Task prompt: Output only the lines from the line holding "スライダーを下に押しながら滑" through the close of the records, exactly as they appear, with all pictures omitted.

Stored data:
+++

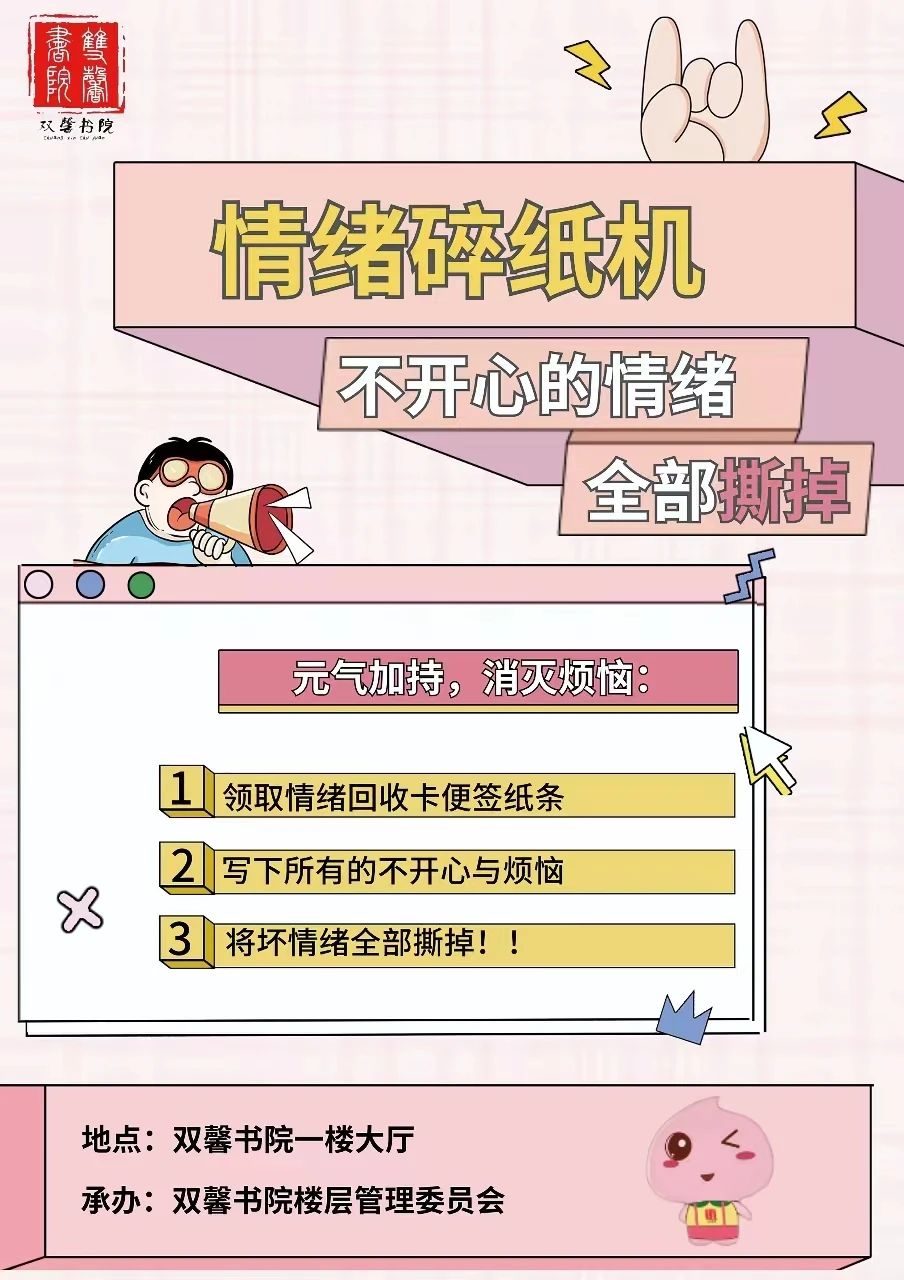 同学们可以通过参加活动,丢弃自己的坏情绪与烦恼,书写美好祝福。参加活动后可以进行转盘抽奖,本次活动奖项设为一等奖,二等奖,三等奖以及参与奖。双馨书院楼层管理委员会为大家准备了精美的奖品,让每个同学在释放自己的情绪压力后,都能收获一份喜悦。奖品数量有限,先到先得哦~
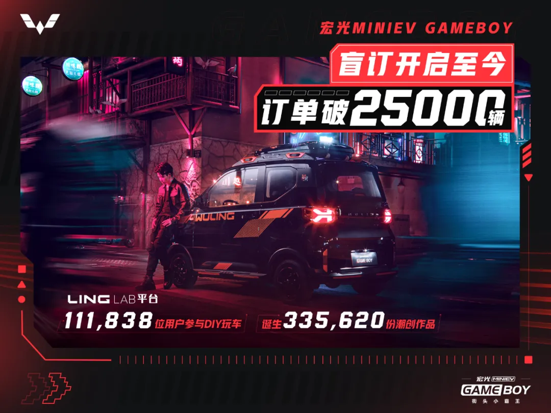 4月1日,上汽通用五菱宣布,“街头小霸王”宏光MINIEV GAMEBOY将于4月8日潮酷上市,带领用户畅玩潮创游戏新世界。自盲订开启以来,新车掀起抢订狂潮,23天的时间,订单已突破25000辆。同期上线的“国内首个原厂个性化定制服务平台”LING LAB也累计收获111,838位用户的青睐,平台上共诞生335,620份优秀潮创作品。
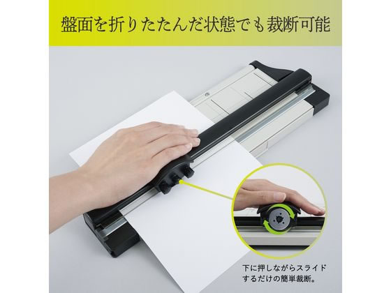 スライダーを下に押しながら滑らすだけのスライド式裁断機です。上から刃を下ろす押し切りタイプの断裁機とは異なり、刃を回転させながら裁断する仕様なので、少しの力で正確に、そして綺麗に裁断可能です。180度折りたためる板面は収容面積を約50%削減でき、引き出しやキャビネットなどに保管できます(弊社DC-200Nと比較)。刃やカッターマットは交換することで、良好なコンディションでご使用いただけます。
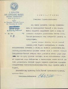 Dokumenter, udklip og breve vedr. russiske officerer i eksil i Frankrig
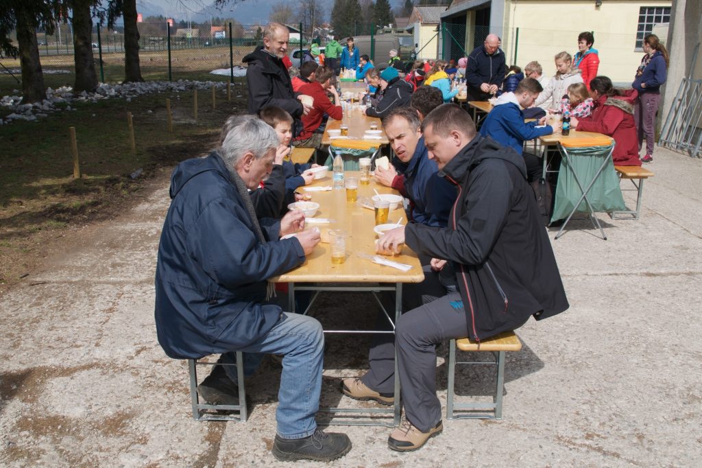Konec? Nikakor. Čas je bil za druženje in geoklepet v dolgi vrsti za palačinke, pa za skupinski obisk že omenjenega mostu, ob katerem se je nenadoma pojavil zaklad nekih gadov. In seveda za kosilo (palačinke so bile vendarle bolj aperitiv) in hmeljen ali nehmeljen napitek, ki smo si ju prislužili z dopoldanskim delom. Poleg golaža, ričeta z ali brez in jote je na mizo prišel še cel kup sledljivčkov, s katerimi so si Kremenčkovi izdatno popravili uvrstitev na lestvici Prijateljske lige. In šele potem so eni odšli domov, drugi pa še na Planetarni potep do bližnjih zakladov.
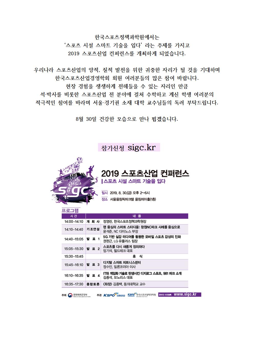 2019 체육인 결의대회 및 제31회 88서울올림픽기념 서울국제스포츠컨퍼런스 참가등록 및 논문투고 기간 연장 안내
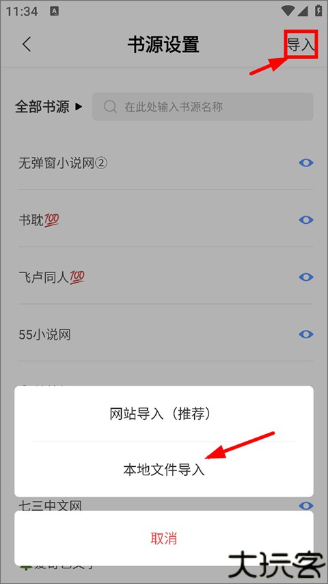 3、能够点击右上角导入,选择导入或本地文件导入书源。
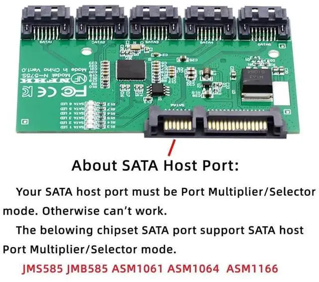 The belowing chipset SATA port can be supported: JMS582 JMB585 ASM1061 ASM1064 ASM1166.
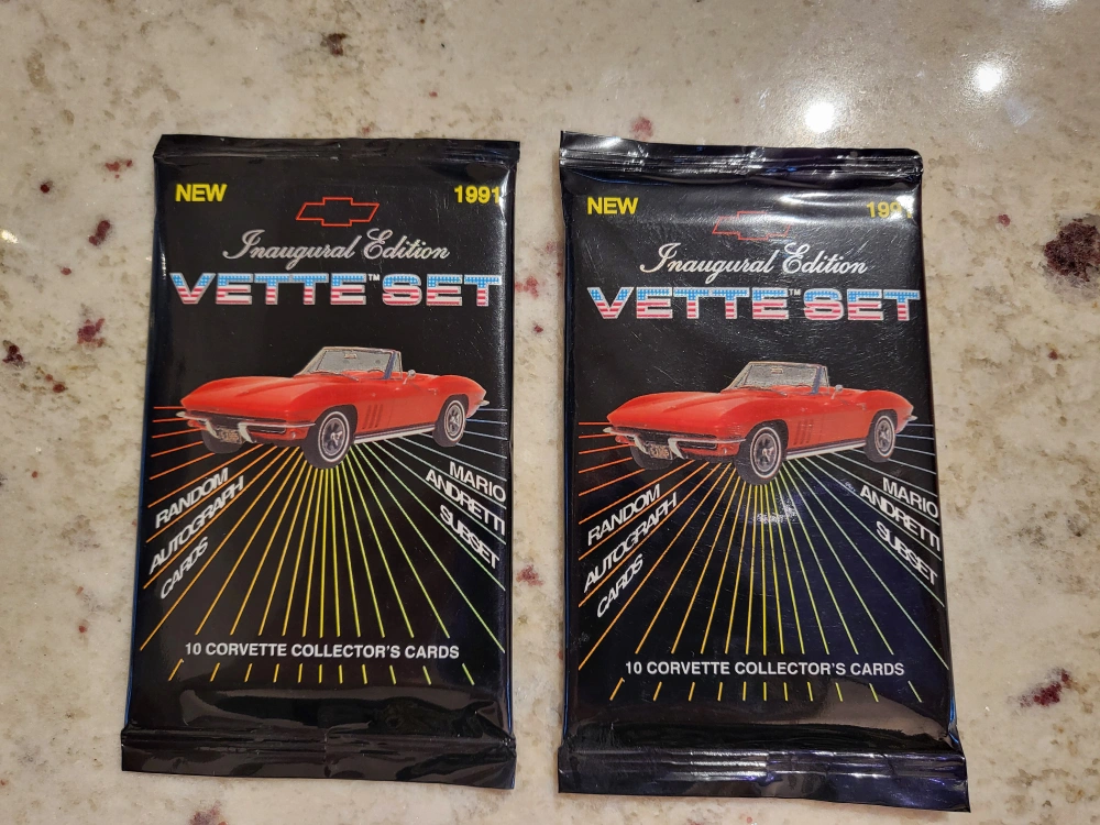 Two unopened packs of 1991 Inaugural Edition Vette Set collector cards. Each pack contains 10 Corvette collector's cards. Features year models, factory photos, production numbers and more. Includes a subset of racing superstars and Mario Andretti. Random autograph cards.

+++

Result for this exercise:
 スライダーを下に押しながら滑らすだけのスライド式裁断機です。上から刃を下ろす押し切りタイプの断裁機とは異なり、刃を回転させながら裁断する仕様なので、少しの力で正確に、そして綺麗に裁断可能です。180度折りたためる板面は収容面積を約50%削減でき、引き出しやキャビネットなどに保管できます(弊社DC-200Nと比較)。刃やカッターマットは交換することで、良好なコンディションでご使用いただけます。
 Dokumenter, udklip og breve vedr. russiske officerer i eksil i Frankrig
Konec? Nikakor. Čas je bil za druženje in geoklepet v dolgi vrsti za palačinke, pa za skupinski obisk že omenjenega mostu, ob katerem se je nenadoma pojavil zaklad nekih gadov. In seveda za kosilo (palačinke so bile vendarle bolj aperitiv) in hmeljen ali nehmeljen napitek, ki smo si ju prislužili z dopoldanskim delom. Poleg golaža, ričeta z ali brez in jote je na mizo prišel še cel kup sledljivčkov, s katerimi so si Kremenčkovi izdatno popravili uvrstitev na lestvici Prijateljske lige. In šele potem so eni odšli domov, drugi pa še na Planetarni potep do bližnjih zakladov.
 2019 체육인 결의대회 및 제31회 88서울올림픽기념 서울국제스포츠컨퍼런스 참가등록 및 논문투고 기간 연장 안내
 3、能够点击右上角导入,选择导入或本地文件导入书源。
 The belowing chipset SATA port can be supported: JMS582 JMB585 ASM1061 ASM1064 ASM1166.
 Two unopened packs of 1991 Inaugural Edition Vette Set collector cards. Each pack contains 10 Corvette collector's cards. Features year models, factory photos, production numbers and more. Includes a subset of racing superstars and Mario Andretti. Random autograph cards.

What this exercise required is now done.